# Oxygen expanded isobarically from a volume of 3 m3 to 5 m3. The oxygen pressure is 10 ^ 5 Pa.

**Oxygen expanded isobarically from a volume of 3 m3 to 5 m3. The oxygen pressure is 10 ^ 5 Pa. Determine the change in the internal energy of oxygen**

With an isobaric process p = const, then if the gas had a volume V1 at a temperature T1, then from the Mendeleev-Clapeyron equation: р ∙ V1 = ν ∙ R ∙ T1, and if then it had a volume V2 at a temperature T2, then: р ∙ V2 = ν ∙ R ∙ T2. Subtracting the first equality from the second, we get: р ∙ ΔV = ν ∙ R ∙ ΔT, where ΔТ is the temperature change, and ΔV is the change in the volume of this gas, ν is the number of moles of the taken gas and R ≈ 8.31 J / (mol ∙ K ) Is a universal gas constant.

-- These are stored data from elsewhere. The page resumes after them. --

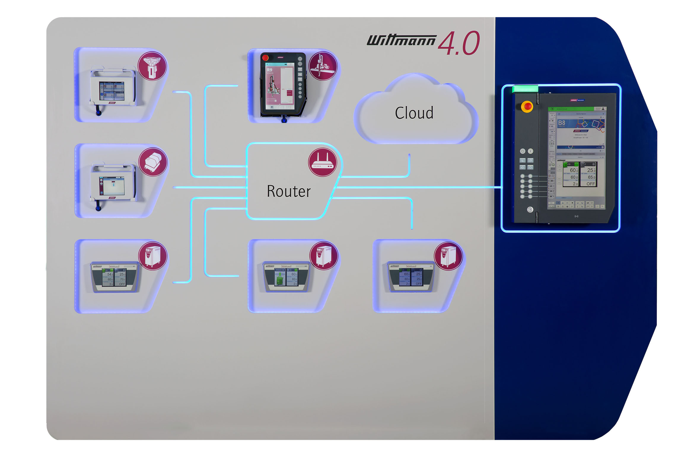 Furthermore, the integration of robots and peripherals into the new UNILOG B8 machine control system, known as WITTMANN 4.0, will be clearly shown in an easy-to-understand demonstration on an interactive display panel, giving visitors an opportunity to test the advantages of the Industry 4.0 solution from WITTMANN for themselves. It will visualize the complete integration into the UNILOG B8 machine control system of WITTMANN temperature controllers from the TEMPRO plus D series, the intelligent FLOWCON plus flow controller, a robot from the control system generations R8 and/or R9, the GRAVIMAX G gravimetric blender and, most recently, also of dryers from WITTMANN’s ATON plus series. All parameters for a mold, that is all settings required on the machine, plus various temperatures and formulations for the peripherals, as well as the robot teach program, can be administered centrally without much effort. Another major advantage is the possibility to have the visualization of the control systems of all WITTMANN 4.0-compatible peripherals and of the robot displayed on the B8 screen in their original form. This enables the operator to switch easily and efficiently between the various appliances connected to the machine.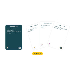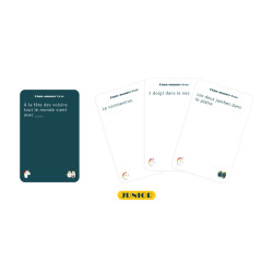 But du jeu : un jeu d'adresse et de prise de risque en 3 dimensions, dans lequel les enfants incarnent de jeunes moussaillons éléphants, qui tentent de mettre la main sur les trésors du capitaine Girafe.Contenu : 1 fourreau en carton, 4 figurines "Eléphant", 4 planches aimantées, 1 plateau "Ponton", 49 cartes "Trésor", 60 jetons en bois et la règle du jeu2 à 4 joueurs - Durée : 15 min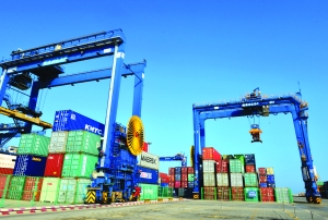 在全国石材最大输入港———泉州石狮市石湖港,变燃油为电能驱动的起重机在作业(11月21日摄)。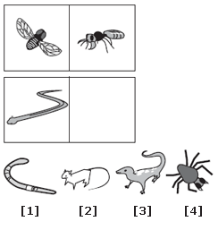 | Fly is to ant as snake is to lizard. The fly and ant are both insects; the snake and lizard are both reptiles. |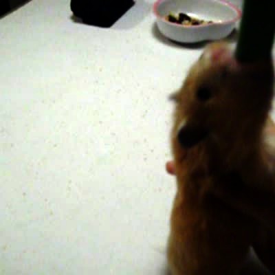 Boy puts a real hamster on top of a Zhu Zhu Pets hamster toy and it rides around the hardwood floor. Similar to a clip on 4Z-12, but different.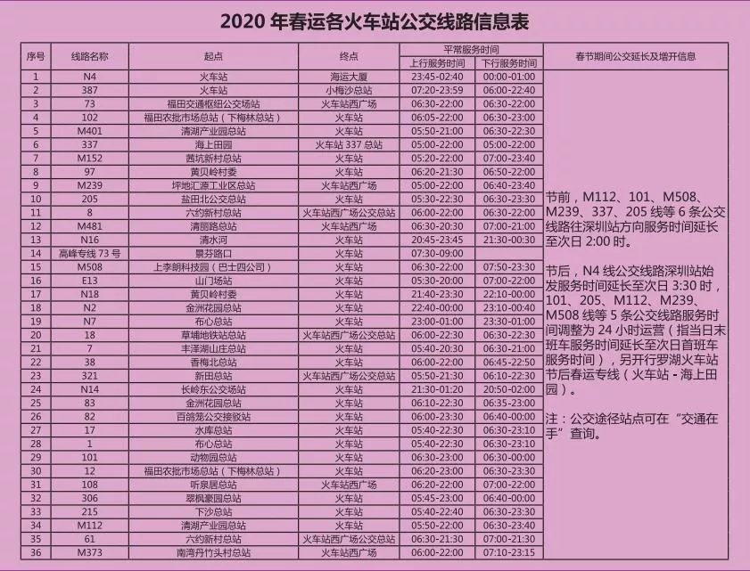 史上最全!深圳各大火車(chē)站途經(jīng)公交線運(yùn)營(yíng)時(shí)間都在這兒!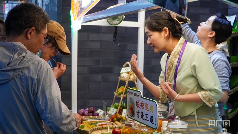摊位负责人介绍云南生鲜美食(央广网记者 魏文青 摄)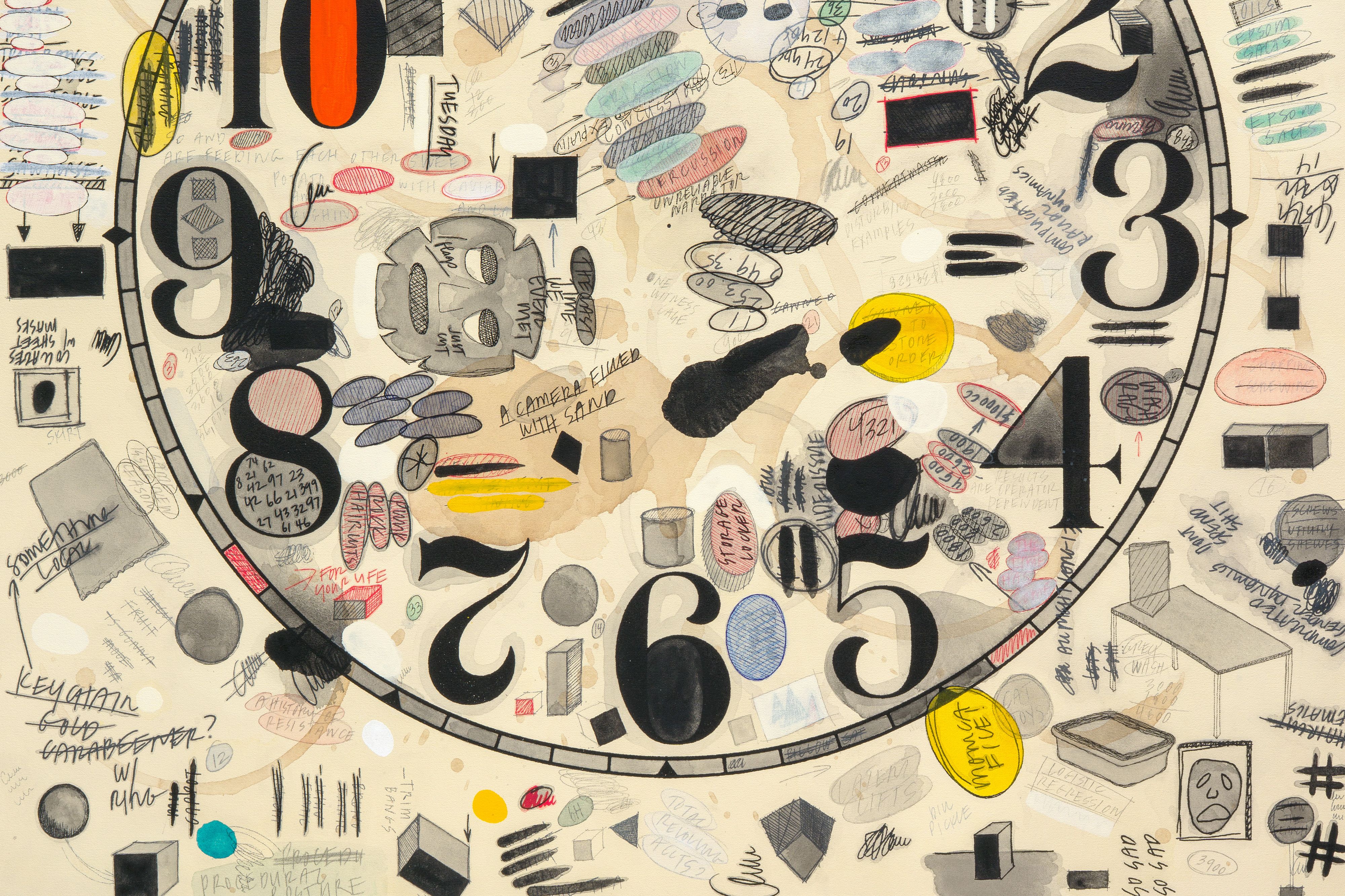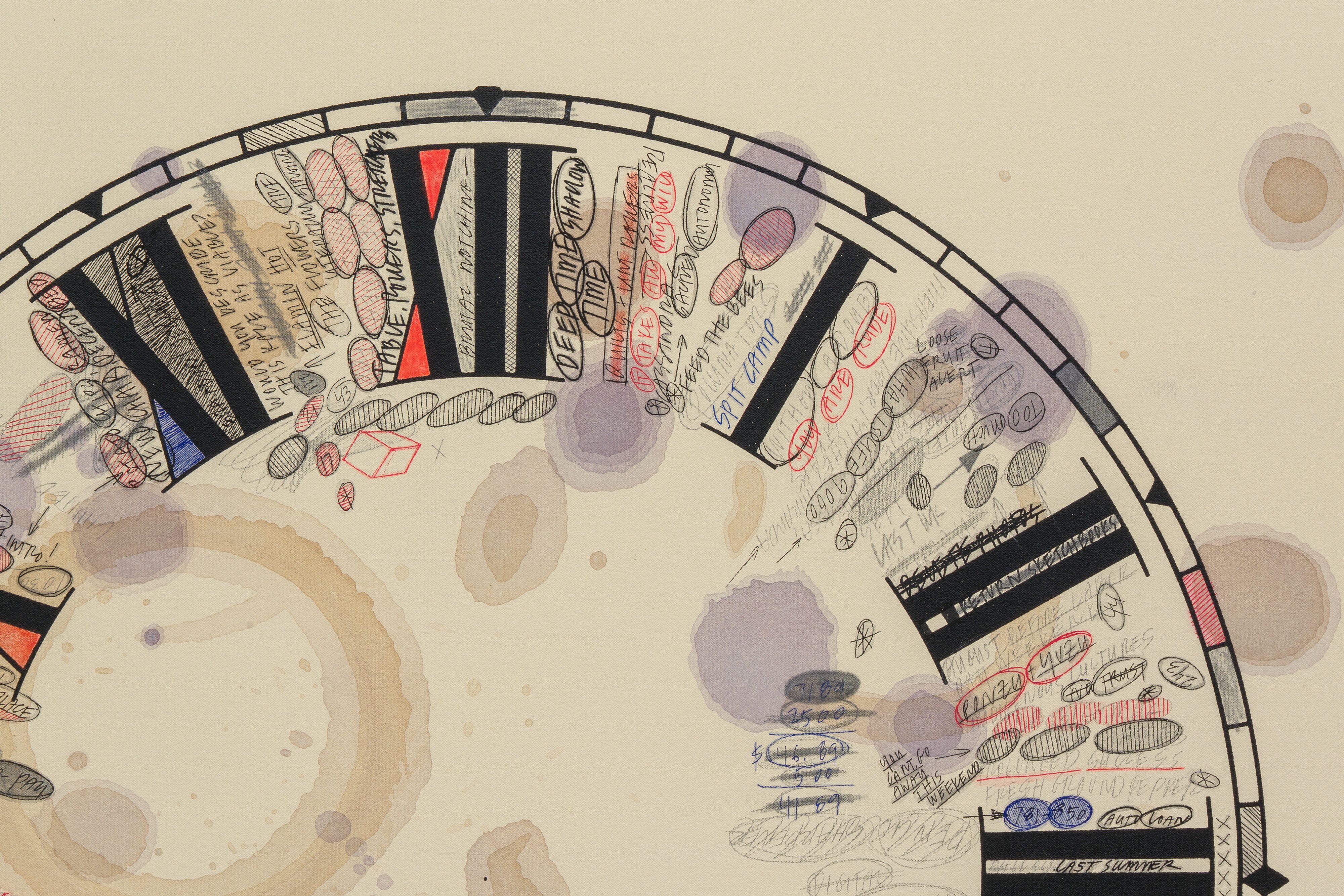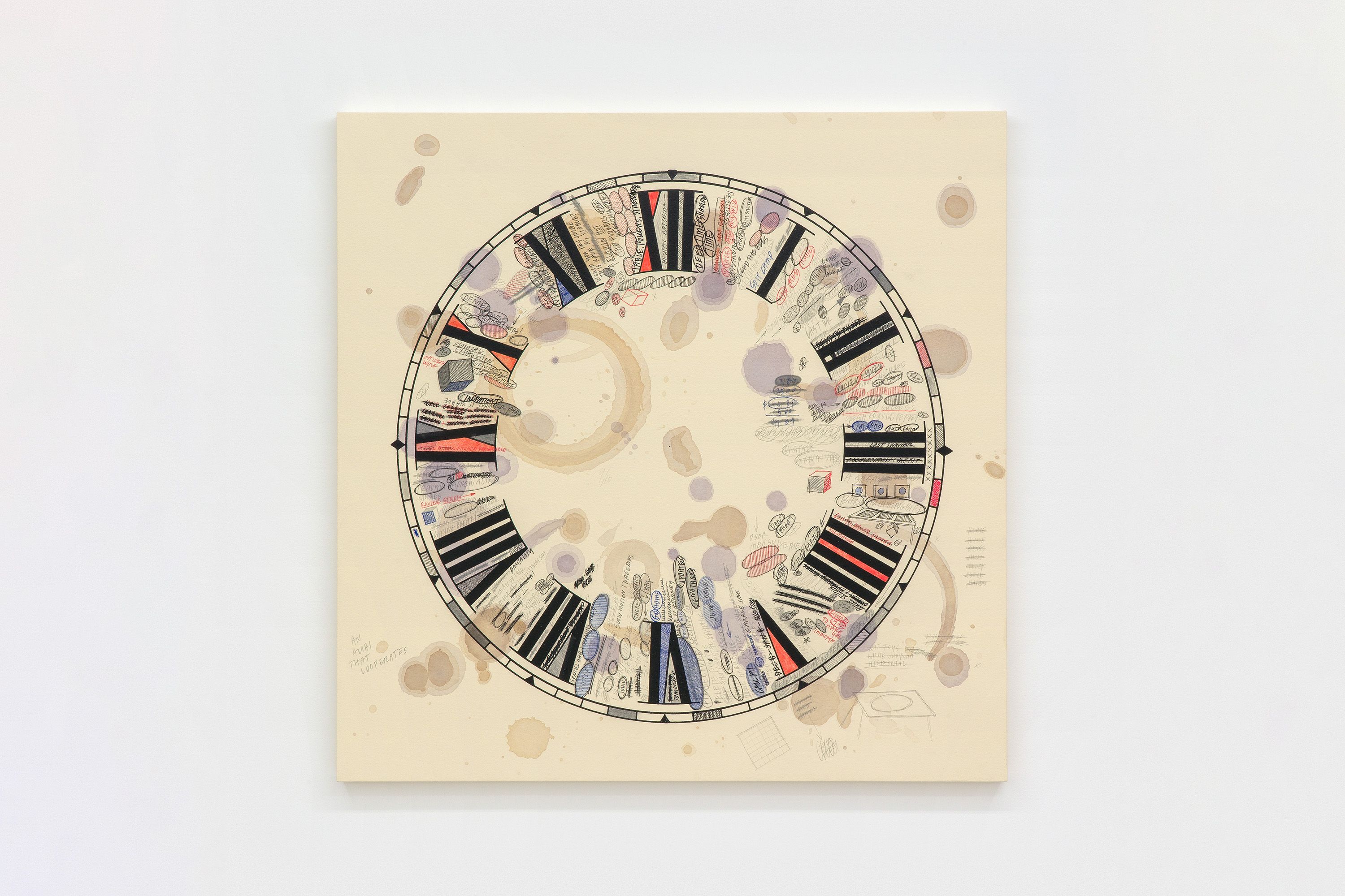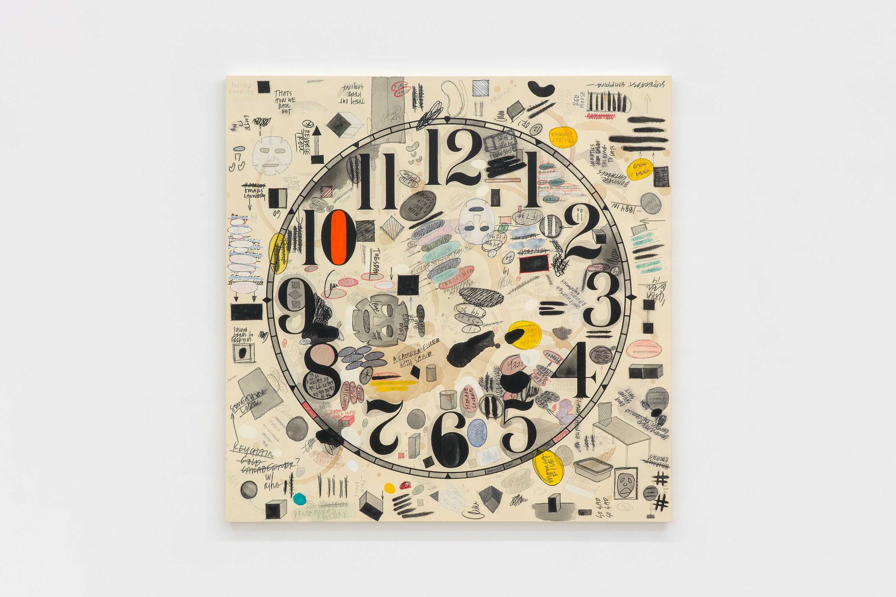Amanda Ross-Ho Untitled Thresholds (FOUR SEASONS), 2025 Luan, poplar, vinyl spackling paste, joint compound, water-based stain (Dark Walnut, Jacobean) Stain & Poly (Mission Oak) latex primer, semi-gloss, eggshell and flat latex paint (Crushed Silk, Sand Fossil, Bone White, Seriously Sand) Tintable Texture Paste, sweat, acrylic paint, watercolor, gouache, black wax, 3D printed PETG, urethane, silver nitrate plating, lacquer, resin, 3D laser cut mdf, acrylic paint, glitter, upholstery tacks, laser cut steel, automotive self-etching primer, enamel spray paint, chroming spray, Metallic Foil Tinsel Garland, Metallic Foil Twist Garland, Metallic Tinsel Garland Trim, foil tinsel Christmas garland, floral wire, pointed back rhinestones, flatback round acrylic rhinestones, holographic glitter vinyl, black metallic cardstock, digital print on cardstock, tissue paper, stiff Shinwon felt, Stitch Witchery, Big White Pom Poms, double faced Polyester Satin Ribbon (dusty blue, ivory, baby pink, red, black), Gold Foil Mirror Card Stock, 2 sided Highly Reflective Mylar film, Canson Colorline paper, adhesive medical gauze, crayon on paper, PET aluminium coated film, digital print on paper, inkjet print on paper, photocopy on paper, digital print on vinyl wall decals, Yatsuo rice paper, ink on low density polyethylene film, beige and white metallic twine, Book Tape (matte and glossy), painter’s tape, upholstery nails, galvanized nails Installation: 11.28 m x 38.1 cm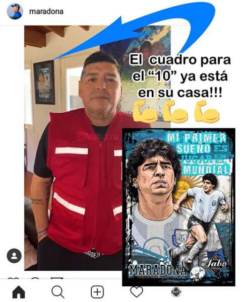 El artista Javier Borras realizó un nuevo cuadro, en esta oportunidad destinado a Diego Maradona, que ya lo tiene en su casa.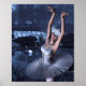 Ballerina como Odette a princesa branca do cisne branco do lago Swan balé clássico com fundo azul turvo de lago e cisnes florestais, ilustração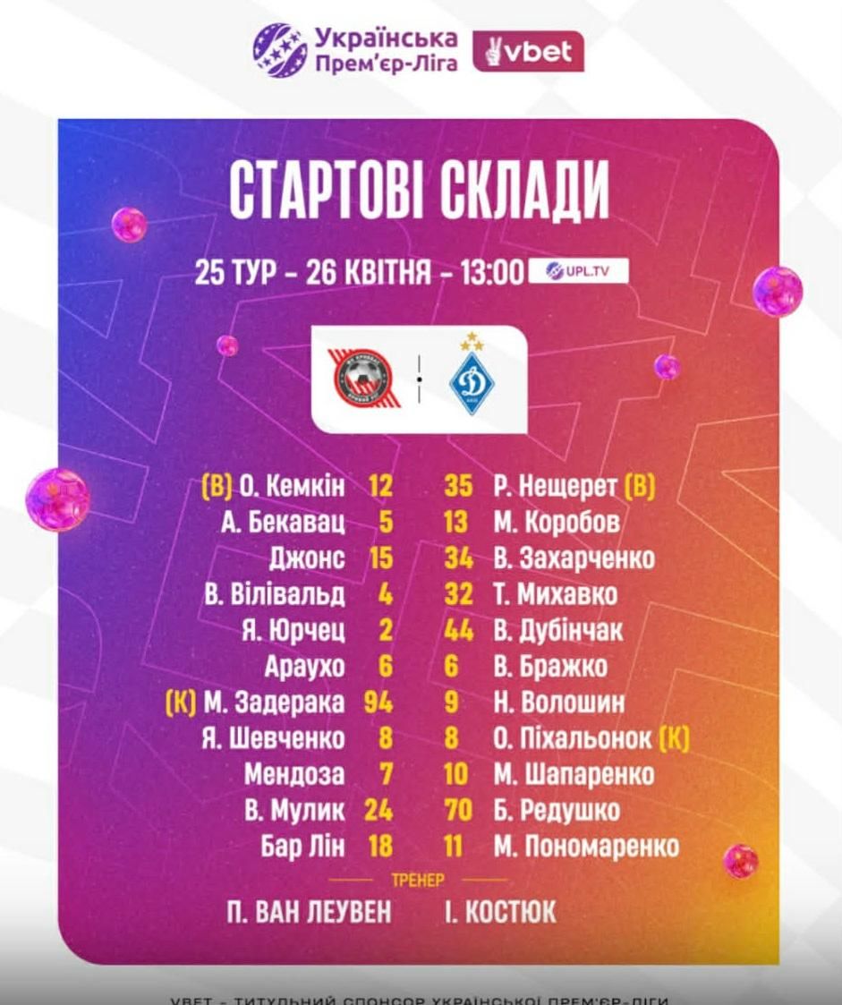 Поединок состоится сегодня, 26 апреля. Стартовый свисток прозвучит в 13:00 по киевскому времени. Игру рассудит бригада арбитров во главе с Александром Шандором.

The change in the internal energy ΔU of oxygen will be ΔU = 1.5 ∙ ν ∙ R ∙ ΔТ, which means, combining the formulas, we get: ΔU = 1.5 ∙ р ∙ ΔV. It is known from the condition of the problem that oxygen has expanded isobarically from the volume V1 = 3 cubic meters. m to V2 = 5 cubic meters. m, the oxygen pressure is p = 10 ^ 5 Pa. Substitute the values of physical quantities in the calculation formula and make calculations: ΔU = 1.5 ∙ 10 ^ 5 ∙ (5 – 3); ΔU = 3 ∙ 10 ^ 5 (J).

Answer: the change in the internal energy of oxygen is 3 ∙ 10 ^ 5 J.